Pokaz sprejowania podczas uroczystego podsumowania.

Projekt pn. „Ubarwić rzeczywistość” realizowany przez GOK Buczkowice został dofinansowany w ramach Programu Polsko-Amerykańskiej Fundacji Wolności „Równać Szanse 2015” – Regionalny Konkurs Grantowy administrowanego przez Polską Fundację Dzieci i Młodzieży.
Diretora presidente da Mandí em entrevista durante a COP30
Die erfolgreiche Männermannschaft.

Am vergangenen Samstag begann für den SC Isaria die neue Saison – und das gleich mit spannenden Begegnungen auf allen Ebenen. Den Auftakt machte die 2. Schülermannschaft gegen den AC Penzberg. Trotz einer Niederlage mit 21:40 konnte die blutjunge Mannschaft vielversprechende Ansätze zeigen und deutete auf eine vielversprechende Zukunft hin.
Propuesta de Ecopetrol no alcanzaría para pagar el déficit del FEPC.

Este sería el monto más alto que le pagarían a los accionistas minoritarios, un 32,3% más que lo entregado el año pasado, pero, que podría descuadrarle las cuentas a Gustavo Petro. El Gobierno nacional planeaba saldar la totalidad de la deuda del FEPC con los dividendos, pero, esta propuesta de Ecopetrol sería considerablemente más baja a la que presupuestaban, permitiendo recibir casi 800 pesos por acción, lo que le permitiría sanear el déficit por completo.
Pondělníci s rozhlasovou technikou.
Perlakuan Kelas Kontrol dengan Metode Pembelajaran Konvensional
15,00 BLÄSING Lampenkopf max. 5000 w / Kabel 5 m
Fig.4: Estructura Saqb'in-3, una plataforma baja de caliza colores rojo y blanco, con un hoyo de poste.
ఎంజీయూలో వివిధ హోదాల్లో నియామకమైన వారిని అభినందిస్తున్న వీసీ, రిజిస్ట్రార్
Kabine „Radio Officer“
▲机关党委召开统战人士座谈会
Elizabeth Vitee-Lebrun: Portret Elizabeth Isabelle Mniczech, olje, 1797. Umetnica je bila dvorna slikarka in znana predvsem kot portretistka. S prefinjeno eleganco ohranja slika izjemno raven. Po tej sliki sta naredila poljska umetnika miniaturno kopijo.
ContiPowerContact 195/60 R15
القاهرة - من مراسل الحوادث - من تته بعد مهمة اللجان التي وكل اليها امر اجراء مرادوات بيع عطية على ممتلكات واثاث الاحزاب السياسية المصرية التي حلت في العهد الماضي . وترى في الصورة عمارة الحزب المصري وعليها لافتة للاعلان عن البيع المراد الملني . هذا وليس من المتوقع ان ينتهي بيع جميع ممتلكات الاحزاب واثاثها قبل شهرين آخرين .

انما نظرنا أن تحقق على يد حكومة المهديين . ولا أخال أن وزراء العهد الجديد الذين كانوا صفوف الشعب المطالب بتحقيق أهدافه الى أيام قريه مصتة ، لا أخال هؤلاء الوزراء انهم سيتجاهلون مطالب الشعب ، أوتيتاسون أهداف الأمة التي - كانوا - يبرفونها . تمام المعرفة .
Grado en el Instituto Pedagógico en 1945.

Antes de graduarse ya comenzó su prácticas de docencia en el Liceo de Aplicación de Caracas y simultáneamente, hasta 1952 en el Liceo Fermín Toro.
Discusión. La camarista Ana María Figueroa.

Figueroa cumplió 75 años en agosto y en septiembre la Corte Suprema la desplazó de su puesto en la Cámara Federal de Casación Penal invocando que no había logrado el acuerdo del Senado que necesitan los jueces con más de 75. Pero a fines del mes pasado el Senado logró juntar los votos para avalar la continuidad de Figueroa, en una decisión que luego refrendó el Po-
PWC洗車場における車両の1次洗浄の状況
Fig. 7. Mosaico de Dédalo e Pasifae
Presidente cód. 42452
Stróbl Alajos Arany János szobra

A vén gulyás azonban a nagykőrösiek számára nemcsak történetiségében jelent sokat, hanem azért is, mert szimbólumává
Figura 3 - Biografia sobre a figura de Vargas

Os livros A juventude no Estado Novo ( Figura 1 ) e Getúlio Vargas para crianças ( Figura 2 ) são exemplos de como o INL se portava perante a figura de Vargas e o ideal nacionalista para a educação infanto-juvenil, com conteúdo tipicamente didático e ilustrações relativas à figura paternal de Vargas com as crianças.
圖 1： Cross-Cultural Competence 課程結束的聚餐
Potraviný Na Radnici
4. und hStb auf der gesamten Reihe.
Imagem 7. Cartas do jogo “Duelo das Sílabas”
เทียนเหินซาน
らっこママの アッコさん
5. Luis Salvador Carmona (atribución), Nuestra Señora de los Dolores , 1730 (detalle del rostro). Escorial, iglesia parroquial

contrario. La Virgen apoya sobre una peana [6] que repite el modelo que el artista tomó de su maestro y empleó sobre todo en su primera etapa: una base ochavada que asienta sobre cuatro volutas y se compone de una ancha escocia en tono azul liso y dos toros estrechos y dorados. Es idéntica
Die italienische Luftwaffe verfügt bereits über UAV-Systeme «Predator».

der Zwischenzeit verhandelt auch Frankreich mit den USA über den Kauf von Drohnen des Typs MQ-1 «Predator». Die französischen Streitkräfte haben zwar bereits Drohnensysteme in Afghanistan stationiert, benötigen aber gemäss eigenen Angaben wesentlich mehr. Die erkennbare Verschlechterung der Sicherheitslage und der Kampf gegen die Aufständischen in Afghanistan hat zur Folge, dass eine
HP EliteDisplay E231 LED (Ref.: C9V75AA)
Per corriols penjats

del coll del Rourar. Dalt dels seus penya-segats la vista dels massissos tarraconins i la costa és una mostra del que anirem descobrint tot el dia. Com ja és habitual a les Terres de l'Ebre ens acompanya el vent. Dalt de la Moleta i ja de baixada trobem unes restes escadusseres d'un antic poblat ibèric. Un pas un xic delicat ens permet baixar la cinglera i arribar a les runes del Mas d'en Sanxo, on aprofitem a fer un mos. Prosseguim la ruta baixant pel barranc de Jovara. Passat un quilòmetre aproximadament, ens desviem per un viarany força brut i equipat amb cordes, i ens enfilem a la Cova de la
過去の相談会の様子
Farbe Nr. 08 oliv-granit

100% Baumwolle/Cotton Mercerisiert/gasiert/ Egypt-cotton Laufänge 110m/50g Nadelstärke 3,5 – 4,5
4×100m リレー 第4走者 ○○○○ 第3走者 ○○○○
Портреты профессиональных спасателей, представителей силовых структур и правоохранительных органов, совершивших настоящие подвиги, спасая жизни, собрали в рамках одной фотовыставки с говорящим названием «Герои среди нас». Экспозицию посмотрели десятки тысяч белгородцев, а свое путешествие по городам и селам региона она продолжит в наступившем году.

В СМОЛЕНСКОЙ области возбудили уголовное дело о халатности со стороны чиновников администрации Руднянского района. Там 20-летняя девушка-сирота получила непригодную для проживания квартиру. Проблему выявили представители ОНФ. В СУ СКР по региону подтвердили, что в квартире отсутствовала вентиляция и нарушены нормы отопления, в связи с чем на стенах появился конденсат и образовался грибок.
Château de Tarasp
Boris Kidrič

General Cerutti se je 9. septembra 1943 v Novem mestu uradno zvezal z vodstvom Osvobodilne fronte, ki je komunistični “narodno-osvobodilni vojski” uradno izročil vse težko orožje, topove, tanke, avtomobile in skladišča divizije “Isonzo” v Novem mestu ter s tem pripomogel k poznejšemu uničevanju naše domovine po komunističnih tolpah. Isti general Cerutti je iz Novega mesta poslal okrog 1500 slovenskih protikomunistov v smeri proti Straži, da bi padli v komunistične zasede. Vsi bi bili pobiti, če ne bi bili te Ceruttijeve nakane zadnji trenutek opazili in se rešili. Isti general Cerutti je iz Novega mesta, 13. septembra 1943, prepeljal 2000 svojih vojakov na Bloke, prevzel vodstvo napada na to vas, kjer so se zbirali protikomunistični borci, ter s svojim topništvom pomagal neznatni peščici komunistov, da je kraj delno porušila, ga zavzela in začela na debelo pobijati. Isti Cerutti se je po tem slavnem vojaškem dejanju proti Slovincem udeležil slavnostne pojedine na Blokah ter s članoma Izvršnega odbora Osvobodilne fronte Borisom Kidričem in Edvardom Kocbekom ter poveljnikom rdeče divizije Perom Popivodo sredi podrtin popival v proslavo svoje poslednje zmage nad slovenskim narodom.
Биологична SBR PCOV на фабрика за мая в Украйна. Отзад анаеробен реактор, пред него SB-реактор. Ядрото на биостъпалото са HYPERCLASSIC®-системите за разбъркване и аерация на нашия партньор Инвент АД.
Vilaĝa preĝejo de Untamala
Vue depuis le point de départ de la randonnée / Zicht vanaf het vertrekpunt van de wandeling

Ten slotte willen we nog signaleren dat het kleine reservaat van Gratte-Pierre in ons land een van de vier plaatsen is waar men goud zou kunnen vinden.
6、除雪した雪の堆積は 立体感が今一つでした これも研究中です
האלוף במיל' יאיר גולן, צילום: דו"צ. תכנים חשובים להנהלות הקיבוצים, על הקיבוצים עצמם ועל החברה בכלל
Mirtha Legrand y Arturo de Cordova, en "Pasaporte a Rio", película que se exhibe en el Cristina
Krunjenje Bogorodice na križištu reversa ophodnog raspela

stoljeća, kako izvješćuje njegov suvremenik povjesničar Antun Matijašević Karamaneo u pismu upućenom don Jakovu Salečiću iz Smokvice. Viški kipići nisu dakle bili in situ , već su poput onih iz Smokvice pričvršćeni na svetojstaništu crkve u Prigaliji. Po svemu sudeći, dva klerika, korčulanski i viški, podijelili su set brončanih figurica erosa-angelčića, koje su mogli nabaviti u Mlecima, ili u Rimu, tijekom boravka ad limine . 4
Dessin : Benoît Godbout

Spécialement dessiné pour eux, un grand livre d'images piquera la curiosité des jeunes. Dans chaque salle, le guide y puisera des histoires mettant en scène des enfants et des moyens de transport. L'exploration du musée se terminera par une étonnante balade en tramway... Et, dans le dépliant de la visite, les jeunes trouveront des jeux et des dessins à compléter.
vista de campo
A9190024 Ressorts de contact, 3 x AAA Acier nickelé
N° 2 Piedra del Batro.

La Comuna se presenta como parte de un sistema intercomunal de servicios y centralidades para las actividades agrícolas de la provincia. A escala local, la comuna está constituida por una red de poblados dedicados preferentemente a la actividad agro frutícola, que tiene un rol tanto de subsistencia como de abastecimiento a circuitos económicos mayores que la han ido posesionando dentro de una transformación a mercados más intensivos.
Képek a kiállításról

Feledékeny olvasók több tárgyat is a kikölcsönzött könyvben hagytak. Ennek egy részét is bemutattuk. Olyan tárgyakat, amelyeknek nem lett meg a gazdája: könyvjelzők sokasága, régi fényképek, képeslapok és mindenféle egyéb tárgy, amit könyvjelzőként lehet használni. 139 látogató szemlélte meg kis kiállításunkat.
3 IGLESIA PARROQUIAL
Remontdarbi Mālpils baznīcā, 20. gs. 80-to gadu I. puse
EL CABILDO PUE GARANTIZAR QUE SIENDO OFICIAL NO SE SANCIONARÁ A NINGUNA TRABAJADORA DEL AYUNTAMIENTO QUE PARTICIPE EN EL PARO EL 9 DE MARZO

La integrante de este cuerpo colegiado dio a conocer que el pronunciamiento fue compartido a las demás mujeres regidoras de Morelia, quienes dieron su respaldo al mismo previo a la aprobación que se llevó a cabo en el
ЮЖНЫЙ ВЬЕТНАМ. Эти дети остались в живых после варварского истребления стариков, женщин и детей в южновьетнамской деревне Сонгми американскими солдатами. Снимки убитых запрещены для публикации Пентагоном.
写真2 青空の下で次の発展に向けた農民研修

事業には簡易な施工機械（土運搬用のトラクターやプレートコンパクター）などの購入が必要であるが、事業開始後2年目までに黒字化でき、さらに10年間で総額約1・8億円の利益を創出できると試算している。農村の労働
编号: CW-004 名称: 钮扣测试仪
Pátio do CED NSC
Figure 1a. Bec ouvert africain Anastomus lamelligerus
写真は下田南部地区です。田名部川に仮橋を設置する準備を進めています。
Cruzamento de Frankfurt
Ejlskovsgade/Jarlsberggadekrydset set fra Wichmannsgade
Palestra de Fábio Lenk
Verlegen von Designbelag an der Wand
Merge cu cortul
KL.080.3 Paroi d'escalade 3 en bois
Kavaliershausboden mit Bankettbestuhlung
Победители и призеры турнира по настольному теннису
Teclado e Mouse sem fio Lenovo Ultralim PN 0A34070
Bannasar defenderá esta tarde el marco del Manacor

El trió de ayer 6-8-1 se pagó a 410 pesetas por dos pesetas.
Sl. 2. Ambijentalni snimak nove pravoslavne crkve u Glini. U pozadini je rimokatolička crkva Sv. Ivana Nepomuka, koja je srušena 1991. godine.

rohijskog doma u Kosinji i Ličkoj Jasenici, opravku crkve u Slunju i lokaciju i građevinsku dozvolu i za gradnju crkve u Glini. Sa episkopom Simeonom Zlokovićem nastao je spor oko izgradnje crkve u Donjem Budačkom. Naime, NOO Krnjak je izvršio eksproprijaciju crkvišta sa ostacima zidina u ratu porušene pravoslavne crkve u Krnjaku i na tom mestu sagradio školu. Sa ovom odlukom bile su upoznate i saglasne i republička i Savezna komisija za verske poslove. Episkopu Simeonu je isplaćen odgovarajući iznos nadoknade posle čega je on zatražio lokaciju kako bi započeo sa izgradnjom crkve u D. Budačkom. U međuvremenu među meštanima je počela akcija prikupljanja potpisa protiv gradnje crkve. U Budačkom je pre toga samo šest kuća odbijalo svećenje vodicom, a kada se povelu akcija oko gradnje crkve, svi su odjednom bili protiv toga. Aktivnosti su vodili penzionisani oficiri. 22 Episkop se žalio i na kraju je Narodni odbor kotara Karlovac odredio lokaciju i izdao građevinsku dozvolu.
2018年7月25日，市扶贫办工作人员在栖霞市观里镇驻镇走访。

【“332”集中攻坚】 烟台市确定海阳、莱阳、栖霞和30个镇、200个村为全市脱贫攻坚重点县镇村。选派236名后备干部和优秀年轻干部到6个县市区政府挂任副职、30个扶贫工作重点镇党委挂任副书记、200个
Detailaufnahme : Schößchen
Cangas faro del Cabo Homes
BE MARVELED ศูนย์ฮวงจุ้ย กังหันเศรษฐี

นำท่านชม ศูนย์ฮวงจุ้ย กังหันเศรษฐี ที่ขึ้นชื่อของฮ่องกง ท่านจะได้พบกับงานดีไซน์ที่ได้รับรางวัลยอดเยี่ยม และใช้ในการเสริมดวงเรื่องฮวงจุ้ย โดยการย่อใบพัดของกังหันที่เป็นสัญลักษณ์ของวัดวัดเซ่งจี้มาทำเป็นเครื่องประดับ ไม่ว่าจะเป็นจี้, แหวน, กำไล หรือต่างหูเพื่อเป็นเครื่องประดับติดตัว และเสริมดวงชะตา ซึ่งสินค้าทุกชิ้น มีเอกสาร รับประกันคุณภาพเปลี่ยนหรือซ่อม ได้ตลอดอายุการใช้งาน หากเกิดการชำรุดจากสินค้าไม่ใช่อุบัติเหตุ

§

**EXERCISE OBJECTIVE**
With the first line being the one containing "A9190024 Ressorts de" and the last line the one containing "N° 2 Piedra del Batro.", transcribe exactly the lines above that fall in that range.

**YOUR SOLUTION**
A9190024 Ressorts de contact, 3 x AAA Acier nickelé
N° 2 Piedra del Batro.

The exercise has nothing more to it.